Subsequent to closing of the transaction, the Company holds an equity interest of 25% in Beko. The fair value of the investment in Beko at the date of deconsolidation was calculated based on a discounted cash flow analysis and multiple market data points (Level 3 input), resulting in a fair value of $186 million. The discounted cash flow analysis utilized a discount rate of 15.5%.
During the twelve months ended December 31, 2024, we recorded a loss of $298 million to the loss on sale and disposal of businesses. The transaction closed on April 1, 2024 and no material fair value adjustments were recorded during the twelve months ended December 31, 2024 related to the contribution of our Europe major domestic appliance business. The loss of $298 million recorded during the twelve months December 31, 2024 reflects reassessment of the fair value less costs to sell of the disposal group, provisions for tax related indemnities and transaction costs.
See Note 16 to the Consolidated Financial Statements for additional information.



*Whirlpool prior ownership of the Hotpoint brand in the EMEA and Asia Pacific regions was not affiliated with the Hotpoint brand sold in the Americas.
InSinkErator Acquisition
On October 31, 2022, we completed the acquisition of the InSinkErator business pursuant to the terms of the purchase agreement with Emerson Electric Co. The acquisition was accounted for as a business combination under the acquisition method of accounting. This requires allocation of the purchase price to the estimated fair values of the identifiable assets acquired and liabilities assumed, including goodwill and other intangible assets. The Company finalized third-party valuations for the purchase price allocation and the measurement period for any further purchase accounting adjustment has elapsed.
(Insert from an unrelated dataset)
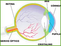 Nuestra capacidad de ver es el resultado de un proceso similar al de una cámara. En una cámara, la luz pasa a través de una serie de lentes que enfocan las imágenes sobre una película o un chip de imagen. El ojo desempeña una función similar, al pasar la luz a través de la córnea (parte del ojo transparente que lo protege), del iris (zona coloreada del ojo), de la pupila (abertura dilatable y contráctil de color negro con la función de regular la iluminación que le llega a la retina) y del cristalino (lente biconvexa que permite enfocar objetos situados a diferentes distancias), que en conjunto enfocan las imágenes en la retina, tejido sensible a la luz situado en la superficie interior del ojo, constituido por líneas de células fotosensibles.

See Note 16 to the Consolidated Financial Statements for additional information.
Russia Sale Transaction
During the second quarter of 2022, we entered into an agreement to sell our Russia business. We classified this disposal group as held for sale with a fair value of zero. Fair value, which is less than the carrying amount of the Russia business, was estimated based on purchase price which includes contingent consideration based on future business and other conditions (Level 2 input). We recorded an impairment charge of $333 million for the write-down of the net assets to their fair value.
See Note 16 to the Consolidated Financial Statements for additional information.
Other Fair Value Measurements
The fair value of long-term debt (including current maturities) was $6.2 billion and $6.9 billion at December 31, 2024 and 2023, respectively, and was estimated using a discounted cash flow analysis based on incremental borrowing rates for similar types of borrowing arrangements (Level 2 input).